Since the publication of Nudge: Improving Decisions about Health, Wealth, and Happiness, thousands of studies have examined how different nudges can change attitudes and behaviour. The core proposition of the book was that nudging is an effective way to change behaviour, and for that reason, the book is packed with examples of how nudges can lead to better outcomes than traditional, paternalistic policies.
However, all nudges are not effective. We should not see the evidence presented in Nudge as representative for the broader population of nudge findings. As for most social science these years, we know that a lot of findings cannot replicate and the expected effect in most studies should be close to zero (both in terms of statistical and practical significance).
In a recent paper, “How effective is nudging? A quantitative review on the effect sizes and limits of empirical nudging studies”, the authors conclude that “only 62% of nudging treatments are statistically significant”. Is this a small number? Compared to other findings, especially within the domain of social psychology, finding that 62% of the treatments are statistically significant is quite impressive.
My primary issue with this study – and similar studies interested in whether nudges work – is that there is no agreement in the ltierature on when a treatment should be categorized as a nudge. For that reason, I am not convinced that a quantitative review as the one above can provide a meaningful estimate on the number of nudges, that are statistically significant (even if we only look at the published literature). Specifically, look at the criteria used in the literature review to select relevant studies: “we did not include studies that did not mention, ‘nudge’ or ‘nudging’, that did not quote the original work (Thaler and Sunstein, 2008), or that had no other link to the nudge concept.”
My guess is that statistically significant nudging studies, that cite the original work on nudging, are more likely to cite Thaler and Sunstein. Or, more importantly, studies that do find statistically significant effects are more likely to be called nudges in the first place. To understand why, let us take a look at the definition of a nudge offered in Nudge:
“A nudge, as we will use the term, is any aspect of the choice architecture that alters people’s behavior in a predictable way without forbidding any options or significantly changing their economic incentives.”
In the definition of “a nudge”, it is important that an aspect of the choice architecture alters people’s behavior.
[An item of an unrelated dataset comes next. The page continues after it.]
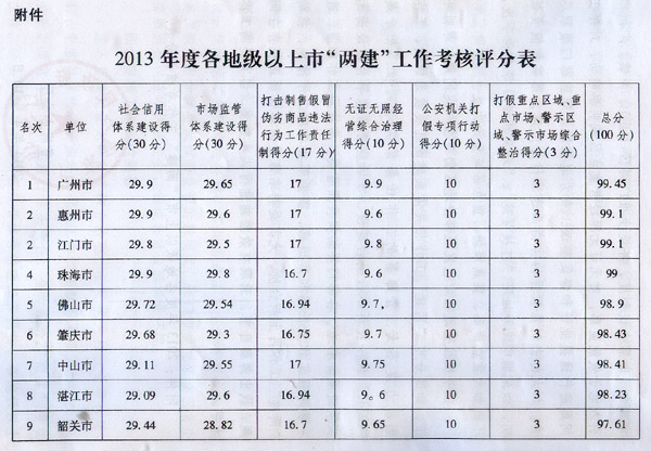 2013年以來,全省各地認(rèn)真貫徹落實(shí)省委、省政府關(guān)于社會(huì)信用體系建設(shè)和市場(chǎng)監(jiān)管體系建設(shè)(以下簡(jiǎn)稱“兩建”)工作的各項(xiàng)部署,加強(qiáng)組織領(lǐng)導(dǎo),明確分工責(zé)任,分解工作任務(wù),有計(jì)劃、有目標(biāo)、有步驟地組織開展“兩建”工作,為我省經(jīng)濟(jì)平穩(wěn)健康發(fā)展、社會(huì)和諧穩(wěn)定作出了積極貢獻(xiàn)。根據(jù)《中共廣東省委辦公廳廣東省人民政府辦公廳關(guān)于撤并和規(guī)范省級(jí)考核檢查評(píng)比表彰活動(dòng)的意見》(粵辦發(fā)〔2013〕11號(hào)),2014年1月,省“兩建”工作領(lǐng)導(dǎo)小組辦公室對(duì)各地級(jí)以上市“兩建”工作進(jìn)行了考核。經(jīng)綜合評(píng)定,21個(gè)地級(jí)以上市“兩建”工作考核全部合格,其中,廣州、惠州、江門、珠海市成績(jī)比較顯著。經(jīng)省人民政府同意,現(xiàn)將各地“兩建”工作情況通報(bào)如下: 一、精心部署落實(shí) 省“兩建”工作會(huì)議召開后,各地級(jí)以上市政府高度重視,及時(shí)召開相關(guān)工作會(huì)議,認(rèn)真貫徹落實(shí)省委、省政府關(guān)于“兩建”工作的政策部署,并以多種形式出臺(tái)有關(guān)文件,狠抓各項(xiàng)工作任務(wù)落實(shí)。在市場(chǎng)監(jiān)管體系建設(shè)方面,廣州、深圳等市結(jié)合實(shí)際制定了本市的市場(chǎng)監(jiān)管體系建設(shè)規(guī)劃,惠州、陽江等市制定了貫徹落實(shí)省市場(chǎng)監(jiān)管體系建設(shè)規(guī)劃的實(shí)施意見;在社會(huì)信用體系建設(shè)方面,廣州、珠海、中山等市制訂了《社會(huì)信用體系建設(shè)規(guī)劃(2013—2020年)》,廣州市還出臺(tái)了《廣州市信息共享管理規(guī)定》、《廣州市社會(huì)信用促進(jìn)條例》等多項(xiàng)規(guī)章制度。 一是市場(chǎng)準(zhǔn)入體系建設(shè)取得較大突破。率先在全國(guó)開展商事登記制度改革試點(diǎn),按照“寬進(jìn)嚴(yán)管”的原則,推進(jìn)工商登記制度改革,清理、壓減前置審批事項(xiàng),放寬登記準(zhǔn)入條件,實(shí)行先證后照,強(qiáng)化事中、事后監(jiān)管。2013年3月1日,深圳、珠海正式實(shí)施具有地方性法規(guī)效力的商事登記制度。據(jù)統(tǒng)計(jì),深圳、珠海、東莞、順德等商事登記制度改革試點(diǎn)地區(qū),新登記市場(chǎng)主體增幅分別達(dá)到96.3%、41.5%、17.0%和16.4%,同期非試點(diǎn)地區(qū)市場(chǎng)主體增幅僅為0.5%。二是行政執(zhí)法體系建設(shè)取得良好效果。進(jìn)一步深化行政審批制度改革,大力簡(jiǎn)政放權(quán),共調(diào)整市級(jí)行政審批事項(xiàng)6165項(xiàng)、縣級(jí)14934項(xiàng)。積極探索建立綜合行政執(zhí)法體制,推動(dòng)執(zhí)法重心下移。佛山市順德區(qū)按土地、醫(yī)藥、市場(chǎng)、城市管理四大領(lǐng)域,整合行政執(zhí)法職責(zé)和隊(duì)伍,規(guī)范行政執(zhí)法行為,規(guī)范行政處罰自由裁量權(quán);珠海市制定《珠海市行政機(jī)關(guān)執(zhí)法依據(jù)匯編》、《珠海市規(guī)范行政處罰自由裁量權(quán)工作方案》。三是消費(fèi)維權(quán)和社會(huì)監(jiān)督體系建設(shè)取得重大進(jìn)展。以“12345”熱線為載體整合各部門投訴舉報(bào)資源,建設(shè)便民、高效的消費(fèi)維權(quán)申訴、經(jīng)濟(jì)違法行為舉報(bào)和行政效能投訴平臺(tái),實(shí)現(xiàn)統(tǒng)一接聽、按責(zé)轉(zhuǎn)辦、限時(shí)辦結(jié)、統(tǒng)一督辦、統(tǒng)一考核。除東莞、揭陽市外,目前全省已有19個(gè)地級(jí)以上市實(shí)現(xiàn)“12345”統(tǒng)一投訴舉報(bào)平臺(tái)上線運(yùn)行。四是政務(wù)誠(chéng)信建設(shè)深入推進(jìn)。積極推進(jìn)招標(biāo)投標(biāo)和政府采購(gòu)領(lǐng)域政務(wù)誠(chéng)信建設(shè),全部實(shí)現(xiàn)各市縣網(wǎng)上辦事分廳與省網(wǎng)上辦事大廳對(duì)接,實(shí)現(xiàn)省、市、縣(區(qū))三級(jí)數(shù)據(jù)同步,進(jìn)一步提高行政審批效率。珠海市圍繞電子政務(wù)、科學(xué)民主決策等方面開展政務(wù)誠(chéng)信建設(shè),在網(wǎng)上辦事大廳珠海分廳增加公共資源網(wǎng)上交易、市民個(gè)人網(wǎng)頁等內(nèi)容。五是加快推進(jìn)質(zhì)量監(jiān)管體系建設(shè)。強(qiáng)化“不合格產(chǎn)品發(fā)現(xiàn)率”理念,著力完善產(chǎn)(商)品監(jiān)督抽查制度,大力實(shí)施標(biāo)準(zhǔn)化戰(zhàn)略,提升電子商務(wù)質(zhì)量,逐步建立現(xiàn)代質(zhì)量監(jiān)管體系。廣州、惠州等市大力完善公共與民生服務(wù)領(lǐng)域標(biāo)準(zhǔn)體系,深圳、佛山等市改革流通領(lǐng)域商品監(jiān)管方式,中山、茂名等市加強(qiáng)產(chǎn)品質(zhì)量監(jiān)督抽查,梅州、肇慶等市大力推動(dòng)旅游電子合同。六是進(jìn)一步理順食品安全監(jiān)管體制機(jī)制。以食品安全監(jiān)管體制改革為契機(jī),進(jìn)一步理順食品安全監(jiān)管職責(zé),出臺(tái)市縣兩級(jí)食品安全監(jiān)管體制改革文件,做好機(jī)構(gòu)編制、職能調(diào)整和人員劃分等工作。 一是信用激勵(lì)和懲戒機(jī)制建設(shè)取得明顯成效。惠州、珠海市分別出臺(tái)了《關(guān)于建立企業(yè)信用

In other words, if there is no effect of an aspect of the choice architecture, it is not a nudge. This is a definition that is set up to succeed. If an intervention works, it is a nudge. If not, it is not a nudge. Conceptually, it makes no sense to say that x% of nudges work, as 100% of nudges will have an impact. If not, they are not nudges. Heads you win, tails I lose.
With this definition in mind, I am surprised that 38% of the effects are not statistically significant. However, I think I know why the number is that high. In other words, in the studies examined in the review, more than 62% of the nudges will work. The review looks at 100 studies including 317 effect sizes. Not all effect sizes are created equally and most studies have one key effect that is more important than the rest. If a study reports two effects, one significant and one insignificant, you will more often see that the effect called the most important effect (in this case the nudge), is the statistically significant effect. The authors do not provide a lot of information on this, but they do basically confirm this pattern: “Occasionally, statistically insignificant effects are reported to be insignificant in the discussion section of the primary publications.”
For those reasons, and if we set aside my conceptual concerns for a second, I fully agree with the authors when they conclude “that the findings of this study have to be interpreted with great care and are rather represent an upper bound of the effectiveness of nudging.”
The authors are aware of the obvious publication bias: “Moreover, we might be victim of a possible publication bias as many studies with insignificant results are often not published.” I am surprised, however, that they do not discuss the simple fact that they only look at 100 studies. This might seem impressive compared to other studies, but if you have followed the field since 2008, you know that there was conducted much more than 100 studies from 2008 to 2018. For example, the Behavioral Insights Team in the UK (i.e., one single research team) conducted more than 300 experiments over a six year period (see Maynard and Munafó 2018).
To better understand this problem, consider this paper, “RCTs to Scale: Comprehensive Evidence from Two Nudge Units”, that compares all effects from two Nudge Units in the United States to that of published nudging studies. The finding is as unsurprising as it is depressing: there is a huge discrepancy where published effects are much larger and have low statistical power. This discrepancy can primarily be explained by a publication bias.
The point of this post is not to say that nudging is not effective. However, we should be much more aware of the conceptual and methodological challenges in providing reliable answers to how effective nudges are, and especially the relative effectiveness of nudging compared to other solutions (see Benartzi et al. 2017 for a similar point).